Records shown:
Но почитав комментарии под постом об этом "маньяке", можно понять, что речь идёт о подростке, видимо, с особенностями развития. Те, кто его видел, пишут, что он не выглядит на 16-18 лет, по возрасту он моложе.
--
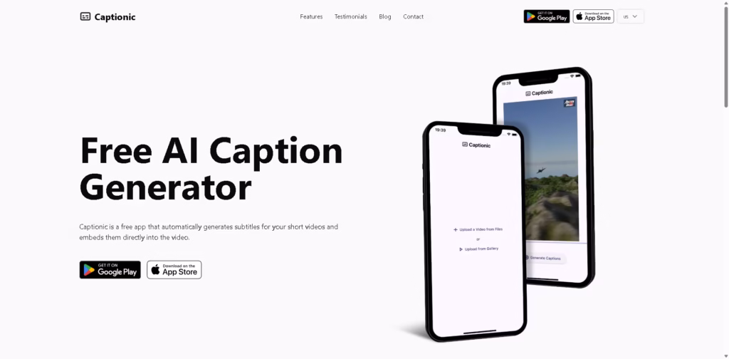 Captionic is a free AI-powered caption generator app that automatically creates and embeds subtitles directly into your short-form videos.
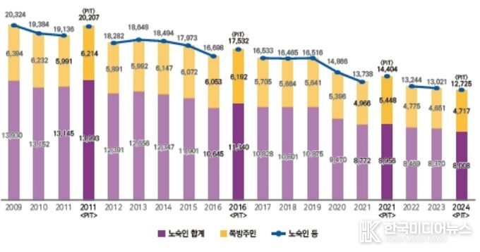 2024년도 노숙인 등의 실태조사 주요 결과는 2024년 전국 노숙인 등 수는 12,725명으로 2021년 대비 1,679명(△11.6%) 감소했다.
---
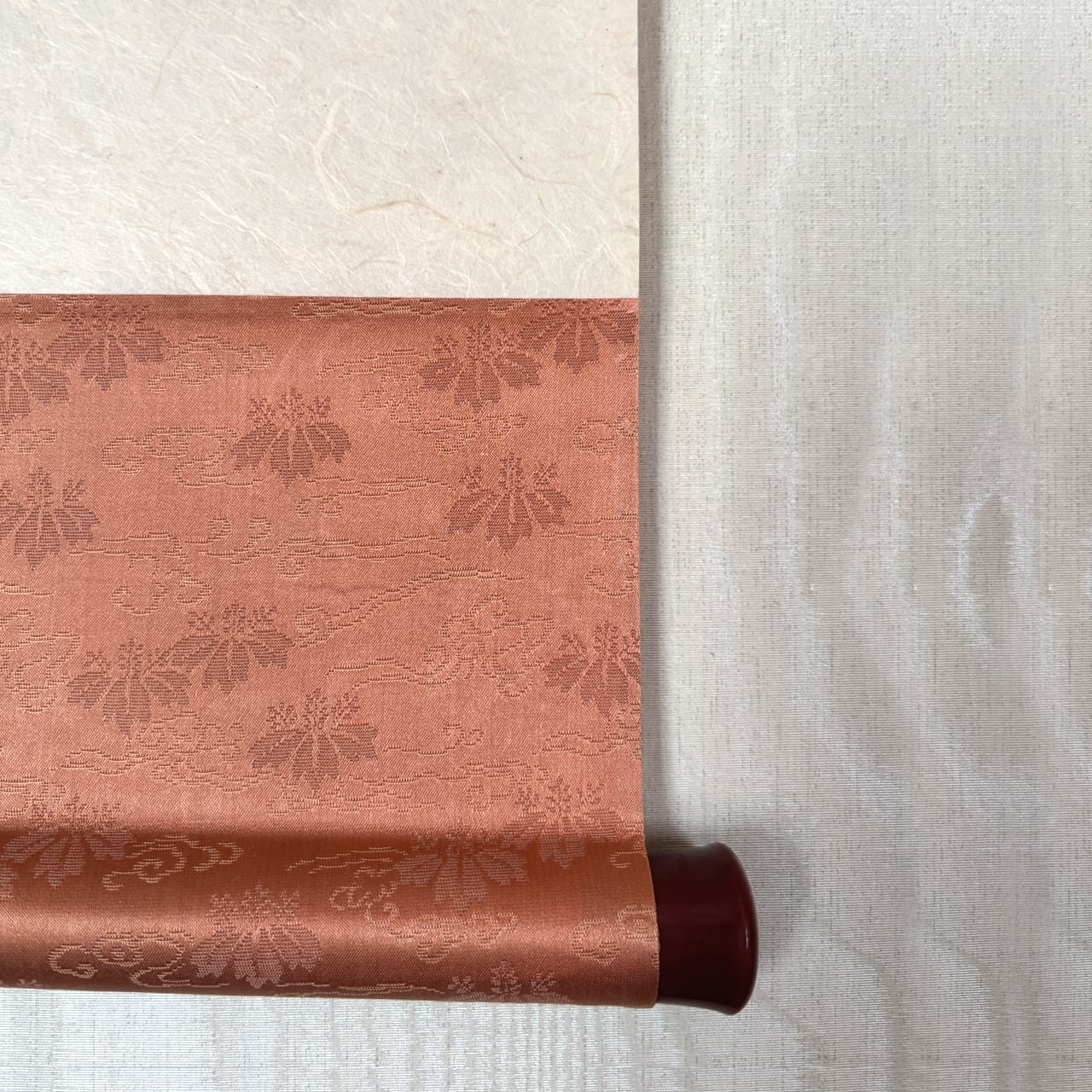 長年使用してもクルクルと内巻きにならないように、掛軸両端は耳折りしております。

What the task asks:
In the listing above, find the line holding "Captionic is a" and the line holding "2024년도 노숙인 등의". Reproduce those two lines and all between them exactly, leaving out pictures.

Your response:
 Captionic is a free AI-powered caption generator app that automatically creates and embeds subtitles directly into your short-form videos.
 2024년도 노숙인 등의 실태조사 주요 결과는 2024년 전국 노숙인 등 수는 12,725명으로 2021년 대비 1,679명(△11.6%) 감소했다.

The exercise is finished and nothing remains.